Le Centre pour la gouvernance démocratique (CGD) s'aligne dans la même logique que les détracteurs du projet de révision de l'article 37 de notre Loi fondamentale par voie référendaire. En effet, il a une fois de plus marqué son désaccord à cette entreprise au cours d'une conférence publique tenue le 5 juin dernier à l'université de Ouagadougou. Partant du postulat que Constitution sans constitutionnalisme n'est que ruines et larmes, le Directeur exécutif du CGD, le Pr Augustin Loada, a indiqué que l'article 37 est certes révisable, mais pas n'importe comment. Pour lui, la Constitution a prévu les règles de sa propre révision lesquelles sont consignées en son titre XV. Il soutient que l'article 49 ne consacre pas une autre procédure de révision de la Constitution que celle relative à l'intérêt national et donc, non partisane, encore moins personnelle.
Et Augustin Loada de se demander en quoi Blaise Compaoré est un intérêt national. Poursuivant son raisonnement, le spécialiste du droit constitutionnel présentera les enquêtes Afrobaromètre, ce projet de recherche indépendant et non partisan qui évalue l'environnement social, politique et économique en Afrique. Les résultats présentés indiquent que le nombre de Burkinabè ne souhaitant pas que l'on modifie l'article 37 de la Constitution pour permettre au président Blaise Compaoré de se présenter en 2015 s'est accru, passant de 46% (2008) à 54% (2012). Aussi, quel que soit le milieu de résidence, les enquêtés restent opposés à la modification de la Constitution, mais les citadins le sont davantage (68%) que les ruraux (50%).

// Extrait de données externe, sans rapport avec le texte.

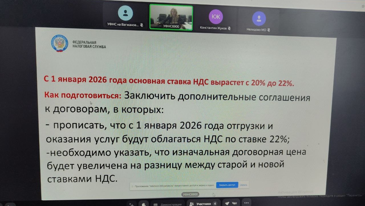Участников семинаров проинформировали, что со следующего года увеличена основная ставка по НДС с 20% до 22%. При этом сохраняется льготная ставка 10 % для социально значимых товаров: продуктов питания, лекарственных средств и медицинской продукции, товаров для детей и др.
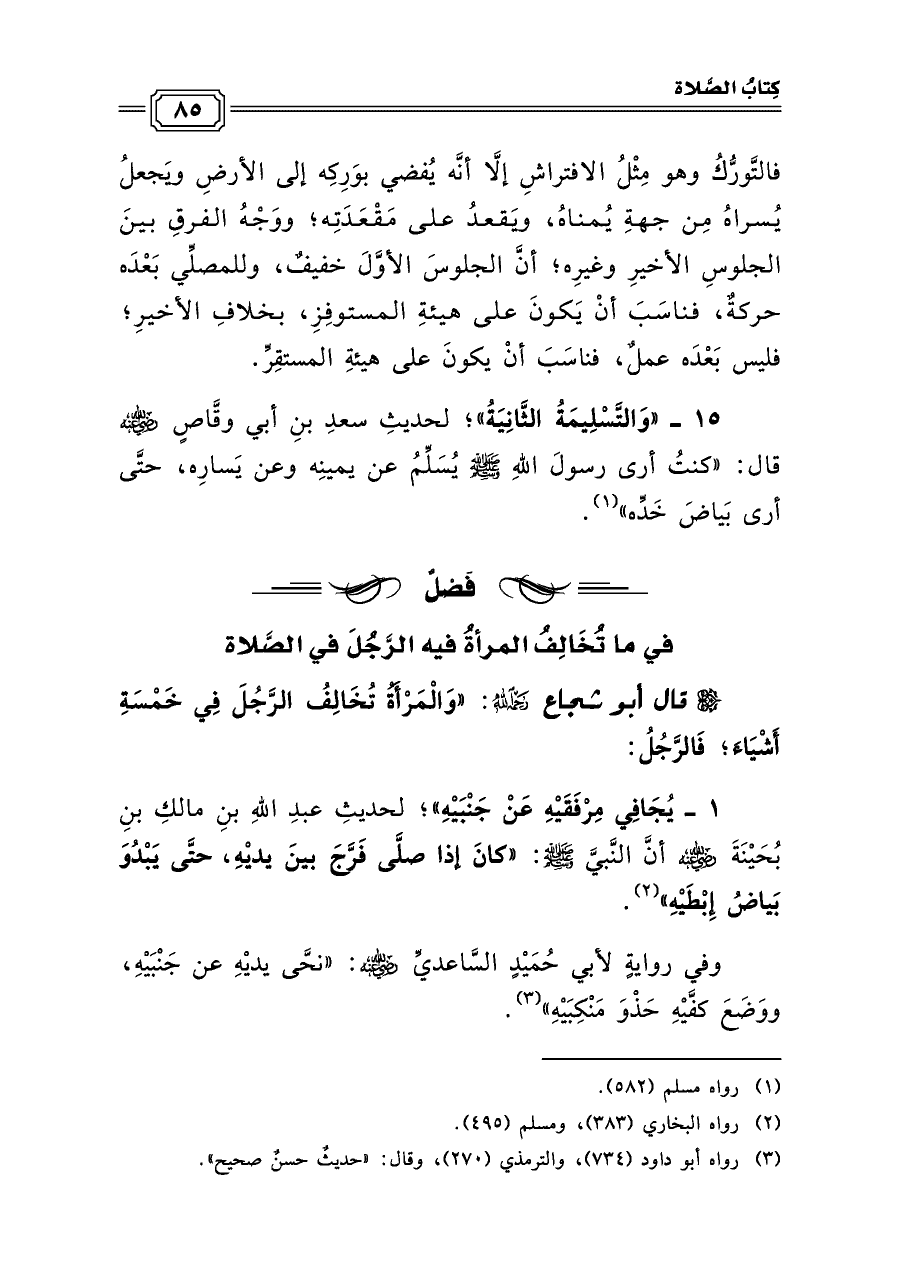 ١٥ - «وَالتَّسْلِيمَةُ الثَّانِيَةُ»؛ لحديثِ سعدِ بنِ أبي وقَّاصٍ رضي الله عنه قال: «كنتُ أرى رسولَ اللهِ صلى الله عليه وسلم يُسَلِّمُ عن يمينِه وعن يَسارِه، حتَّى أرى بَياضَ خَدِّه» (¬١).

Plus loin dans sa démonstration, le Pr Loada soutient que la Charte africaine de la démocratie, des élections et de la gouvernance (CADEG), ratifiée par notre pays en 2010, a une primeur sur les lois burkinabè et prescrit le respect du consensus en son article 10. De ce fait, la CADEG proscrit les changements anticonstitutionnels. Selon lui, recourir au référendum, qui est certes un instrument démocratique, ne saurait être une panacée, car pouvant conduire à des résultats aberrants lorsque le peuple est manipulé par les chefs. Et de faire remarquer qu'en Afrique, en dehors du référendum de 1958 (ndlr : la Guinée sous Sékou Touré), il n'y a jamais eu un « NON ». Se référant au contexte socio-économique et politique qui prévaut dans notre pays, le directeur exécutif du CGD pense que la révision envisagée de la Constitution manque de cohérence et y prendre part est frauduleux. Il assène que si cette opération va jusqu'à son terme, ce n'est rien d'autre qu'un coup d'Etat constitutionnel et illégitime auquel il faut résister. De ce fait, deux options s'offrent aux citoyens : c'est soit le boycott actif ou le boycott passif, a-t-il soutenu.
C'est dans un amphi A600 archicomble que le Pr Salaka Sanou de l'université de Ouagadougou a modéré la conférence, laquelle a connu la participation de Lassané Sawadogo du MPP et représentant de l'Opposition. Les adeptes du référendum ont, eux, décliné l'invitation. Quant aux participants, enthousiastes qu'ils étaient, ils ne sont pas allés du dos de la cuillère pour incriminer cette volonté de tripatouillage de notre Loi fondamentale.